WASHINGTON (AP) — The United States has suspended funding for the leading Iraqi opposition group, 
citing poor bookkeeping. 

Some consider the group a key to any effort to topple Saddam Hussein, but it has been criticised as 
ineffective, unorganised and without a capable fighting force. 

The State Department informed the Iraqi National Congress this week that the suspension would be in 
effect “until adequate financial controls are in place.” 

Still, the department considers the group an important player in the opposition to Hussein, Gregg 
Sullivan, spokesman for the Near Eastern Affairs bureau, said Saturday. 

A spokesman for the group, Sharif Ali Bin Al Hussein, said the action was premature and blamed 
State Department officials who don't want aggressive action against Iraq. 

Some top department aides have praised the organisation, he said. Sullivan, the State Department 
official, said the suspension is completely based on an inspector general's audit that found the 
group could not properly account for its spending. No financial wrongdoing was discovered. 

“The financial controls were insufficient and did not match requirements under US laws,” Sullivan 
said, contending the group failed to heed warnings since June to institute the controls. “They 
can't account for the money that was given.” 

Al Hussein said the group was given until Jan. 15 to institute new financial controls and said the 
State Department was told the deadline would be met. 

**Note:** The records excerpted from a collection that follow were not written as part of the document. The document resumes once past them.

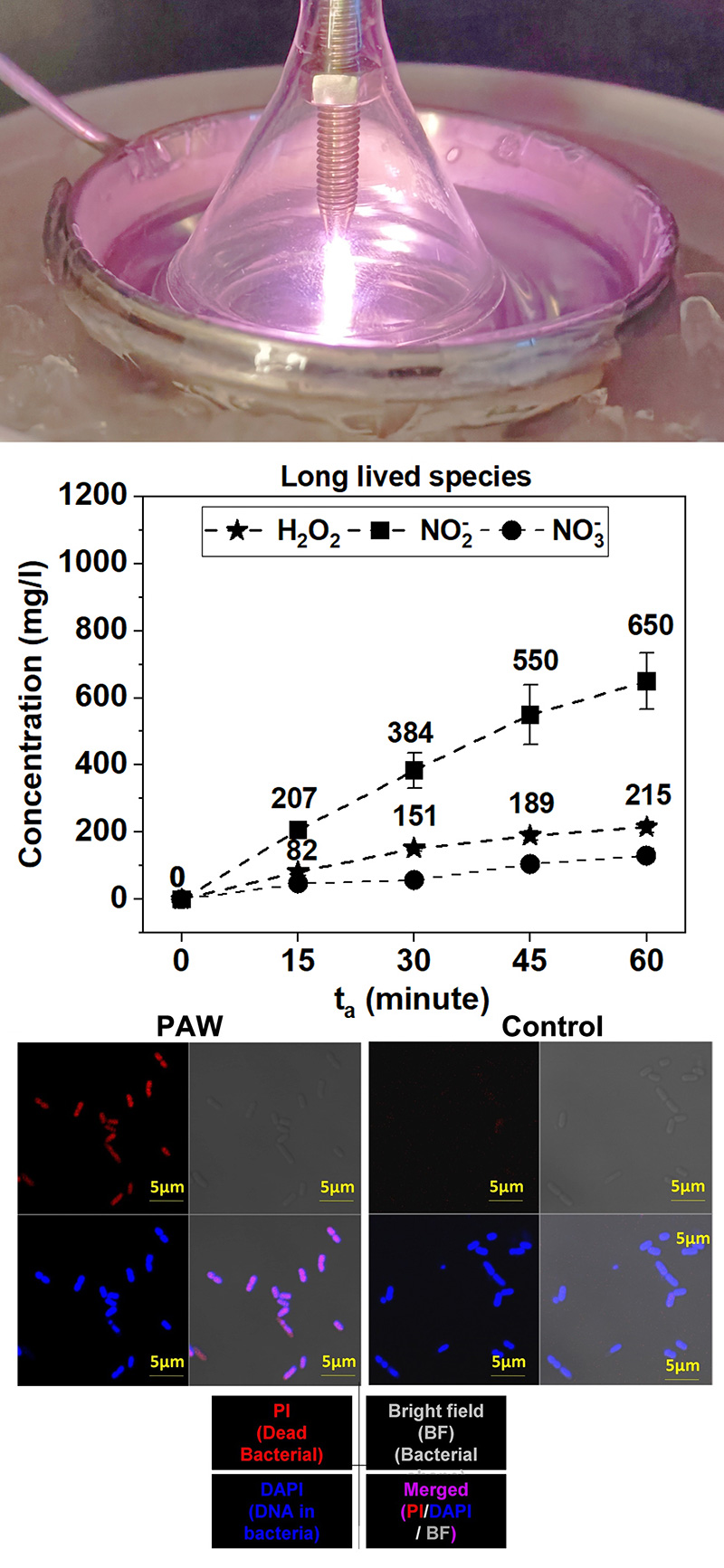In recent decades, multidrug resistance (MDR) in bacterial infections has become a looming health and economic burden. MDR severity exaggerates hospital infection rates, especially for patients with an impaired immune system. As a result, lowering the bacterial burden is of significant concern. Plasma activated water, with its rich and diversified aqueous reactive nitrogen and oxygen species (RONS), is emerging as an alternative green technique in biomedicine.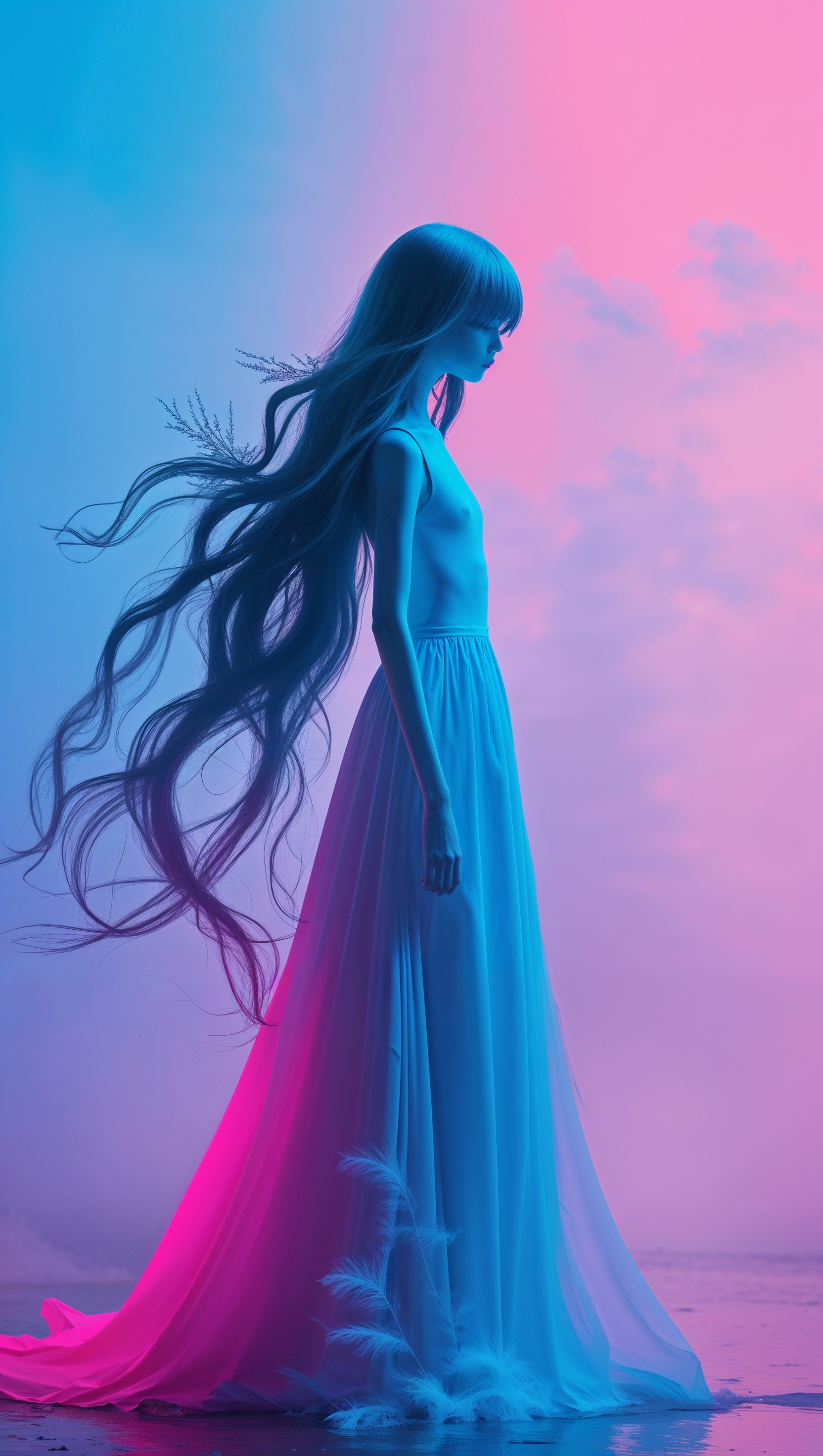 Girl silhouette with flowing hair in neon blue and pink gradient background 1664x2944 Girl silhouette with flowing hair in neon blue and pink gradient background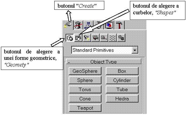 2. Se selecteaza o categorie : forma geometrica 3D, curba, sursa de lumina, camera de luat vederi ;

He said certain department officials, including Clinton administration holdovers, “want to appease 
Saddam. They want to contain him and keep him in his box and don't want to take Saddam on as the 
head of a terrorist state.” 

The London-based confederation of opposition groups has considerable backing in Congress, but 
critics have said its members aren't prepared to combat Saddam on the ground, even with US backing. 

Congress appropriated $25 million for the Iraqi opposition, with at least $10 million to be used 
inside Iraq. But Hussein argued that administration officials would not let the group use the money 
inside the country and therefore the opposition group rejected the entire amount. 

The State Department went ahead on its own and sent the group about $12million in 2001. 

The money was primarily used to collect information on abuses by Saddam's government, present the 
findings to the United Nations and other countries, and save it for later use if there's a war 
crimes tribunal. “Senior level officials have been very encouraging” about the opposition's work, 
Hussein said. 

In the background of the dispute is a wider controversy over policy towards Iraq in the war on 
terrorism. 

Hawks in the Bush administration, led by Deputy Defence Secretary Paul Wolfowitz, have been 
pressing for the US military to take on Iraq and finish off Saddam, who was left in power after the 
Gulf War. Other administration officials, however, have argued to keep the focus on the anti-terror 
war against Osama Ben Laden's Al Qaeda network. 

Advocates of targeting Iraq say Saddam is trying to rebuild his chemical and biological weapons 
programmes that UN inspectors tried to dismantle after the 1991 Gulf War.
 
Inspectors have not been allowed into Iraq since departing ahead of US air strikes in late 1998.